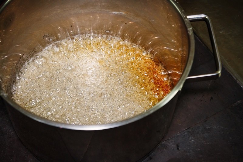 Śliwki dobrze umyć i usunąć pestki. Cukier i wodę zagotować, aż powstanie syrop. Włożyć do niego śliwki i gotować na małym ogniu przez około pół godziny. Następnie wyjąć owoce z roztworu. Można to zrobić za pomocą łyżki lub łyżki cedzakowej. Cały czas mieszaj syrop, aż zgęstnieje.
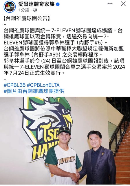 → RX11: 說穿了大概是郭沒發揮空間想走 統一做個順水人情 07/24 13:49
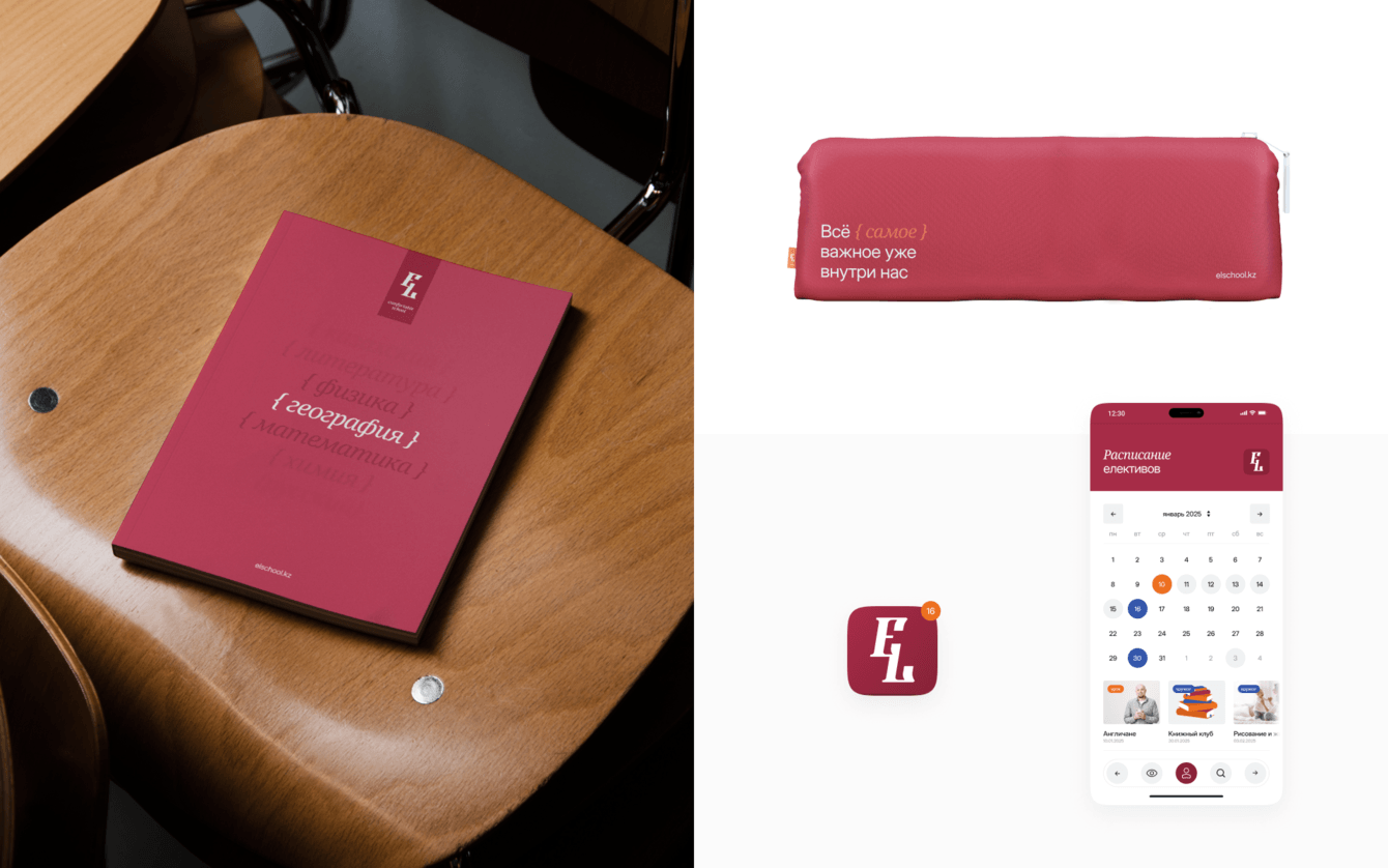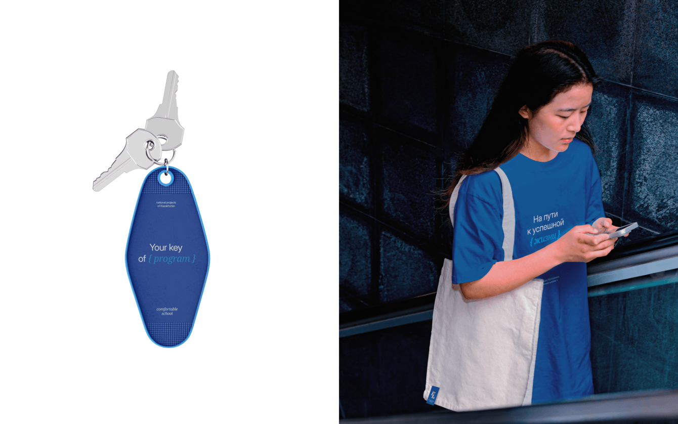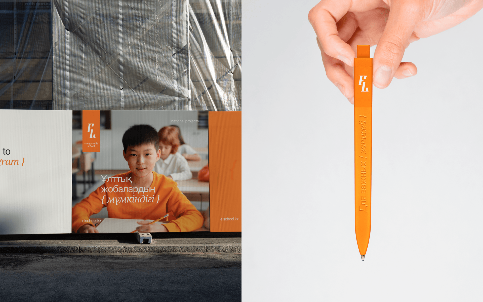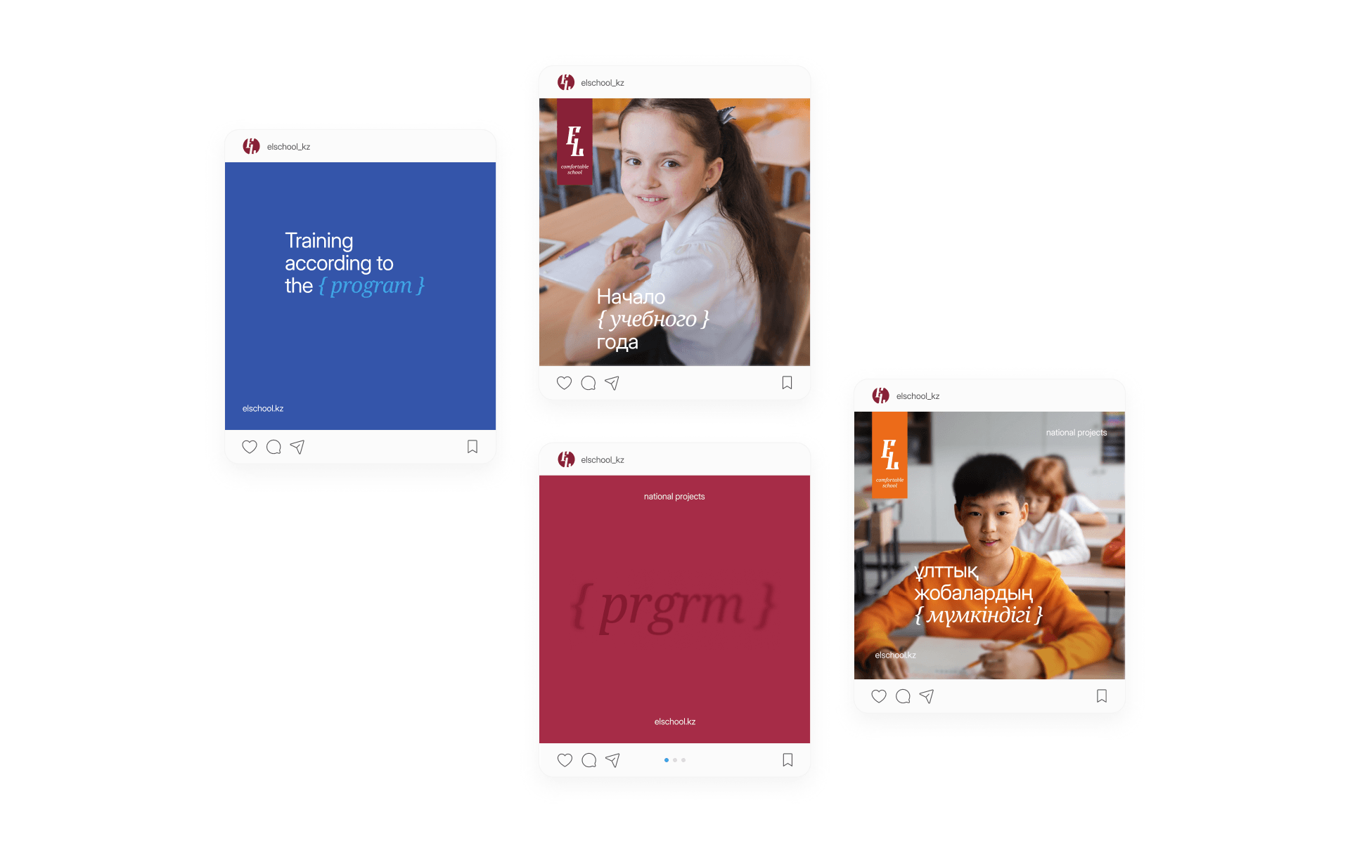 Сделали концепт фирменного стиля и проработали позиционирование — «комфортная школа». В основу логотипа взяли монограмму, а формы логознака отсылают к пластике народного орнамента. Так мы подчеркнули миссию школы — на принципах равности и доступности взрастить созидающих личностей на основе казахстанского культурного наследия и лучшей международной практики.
------------------------------------
* **DESCRIPTION OF THE TASK**:
Please output the lines from the line that holds "統一做個順水人情 07/24 13:49" through the final line of the material above, both included. Each line must match exactly, and pictures must be excluded.

* **EXERCISE ANSWER**:
 → RX11: 說穿了大概是郭沒發揮空間想走 統一做個順水人情 07/24 13:49
 Сделали концепт фирменного стиля и проработали позиционирование — «комфортная школа». В основу логотипа взяли монограмму, а формы логознака отсылают к пластике народного орнамента. Так мы подчеркнули миссию школы — на принципах равности и доступности взрастить созидающих личностей на основе казахстанского культурного наследия и лучшей международной практики.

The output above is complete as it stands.